I continue to see this young man weekly.  He has not missed one appointment in almost the four years that he has been with our office.  He has made tremendous process.  Will he hurt someone again?  I can’t be sure and I certainly cannot promise a court, probation officer, the victim’s parents, nor his mother that he won’t.  What  I can say is this…that if he continues to take his treatment seriously he will have a really strong chance of NEVER hurting another child.

I often remind those who continue to want punitive punishment for these individuals that first and foremost we need to remind ourselves that they are a person.  They are grandfathers, fathers, uncles, brothers,  and someone’s son.

I sometimes get asked by the offenders themselves when they first meet me why I do this kind of work?  I am a woman after all, and don’t all women want people like them behind bars?  The answer is easy I do this because I am a mother to two son’s.  If my children needed help and I couldn’t be there I want someone who cares enough about them to be there in my place.

The Gathering..

Voltaire the famous French philosophers said: “One of the chief misfortunes of HONEST people is that they are cowardly.

I chose the Gathering to be my church and my son’s church because upon visiting this congregation I immediately felt a group of Honest people trying not to be cowardly.  A group of people that would be as I have attempted to be for the last years; to stand up for what I believe is right.
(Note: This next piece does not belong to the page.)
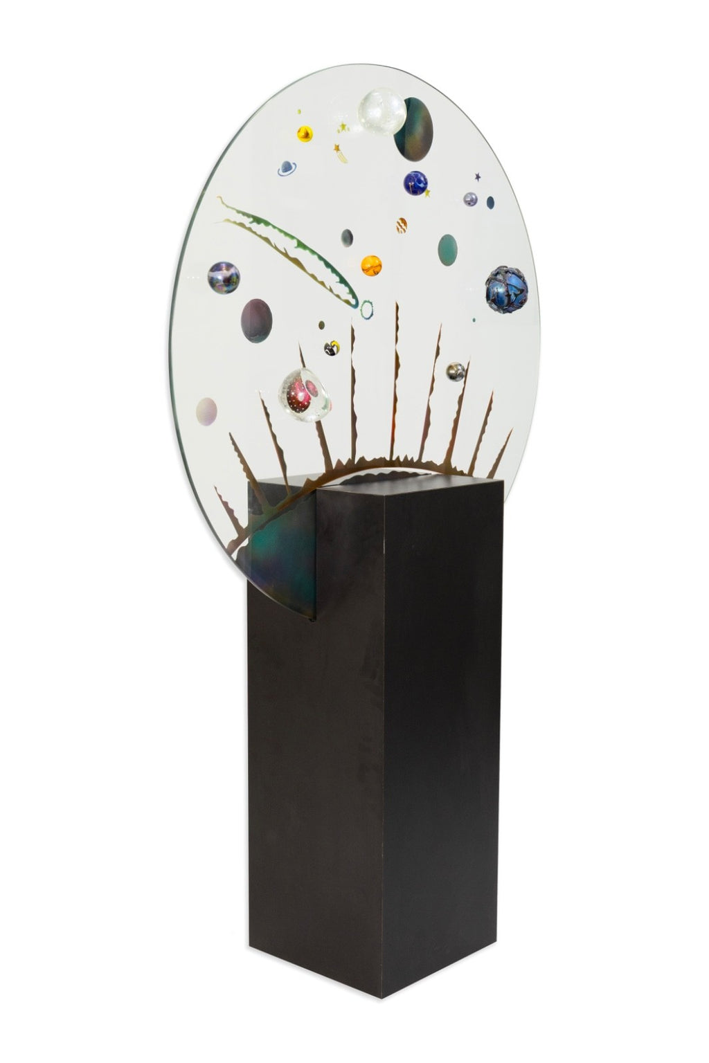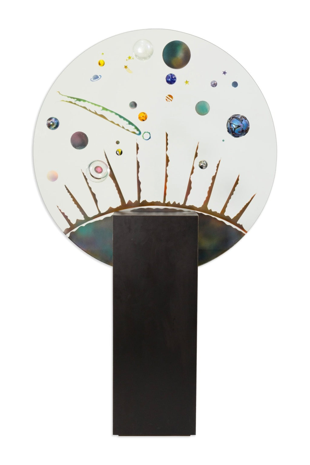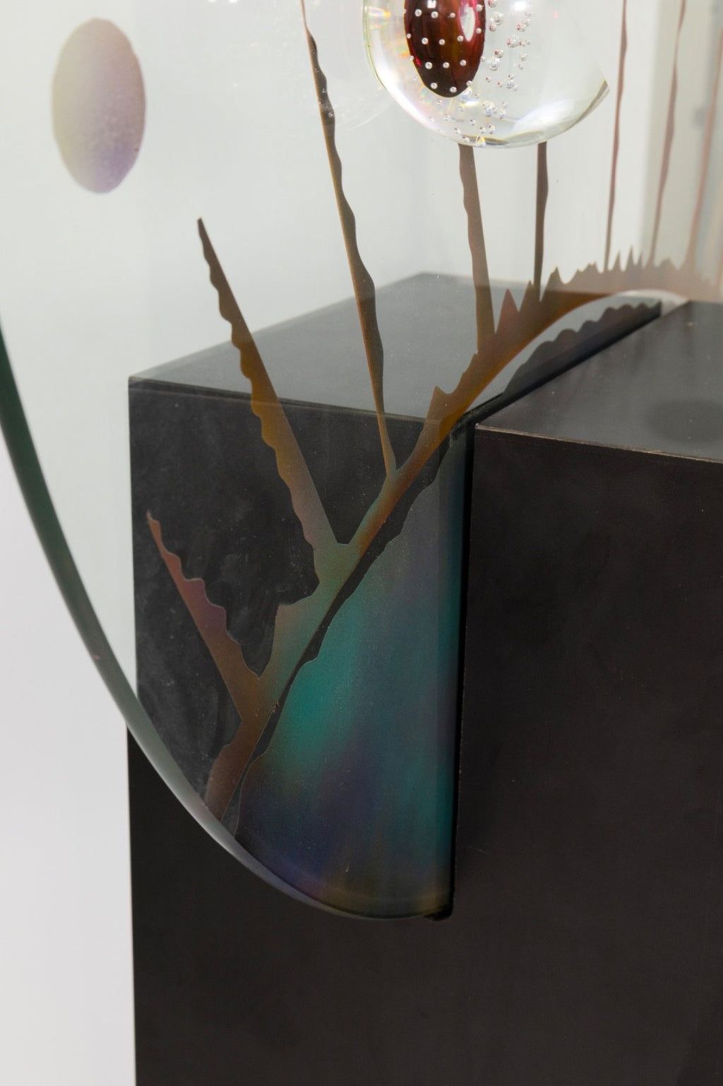A striking Postmodern glass sculpture titled "Outer Limits", dating to the 1990s. The work features a large circular glass disc mounted on a tall rectangular lighted base, creating a commanding vertical presence. The composition depicts a celestial motif with hand-applied, colorful planetary forms orbiting above an abstract horizon, rendered in vivid enamels and metallic accents. The illuminated base enhances the dimensional depth and ethereal quality of the piece, evoking themes of cosmic exploration and human imagination. Signed along the lower edge, artist unknown. From a private collection. Dimensions: 59"h x 35.5"w x 12"d. In very good condition.

To not be cowardly when at times it would be easier to do so. I believe The Gathering backs their words by actions.   We do the right thing because it is the right thing to do!

As we progress as a church and we continue discussing what populations of individuals we want to work with in the way of volunteering that we do so with a strong commitment.  That we embrace this work in a way that they can count on us… That they can “Be Sure of Us” no matter what.    That they can reach for our hand at any given time and we will be there for them. At a time of uncertainty I hope that our Little church on the Corner can be one that others can “Be Sure of” when perhaps others in their lives cannot be there for them.

Thank you for listening to my story.  And in keeping with tradition I open up time for reflection and discussion.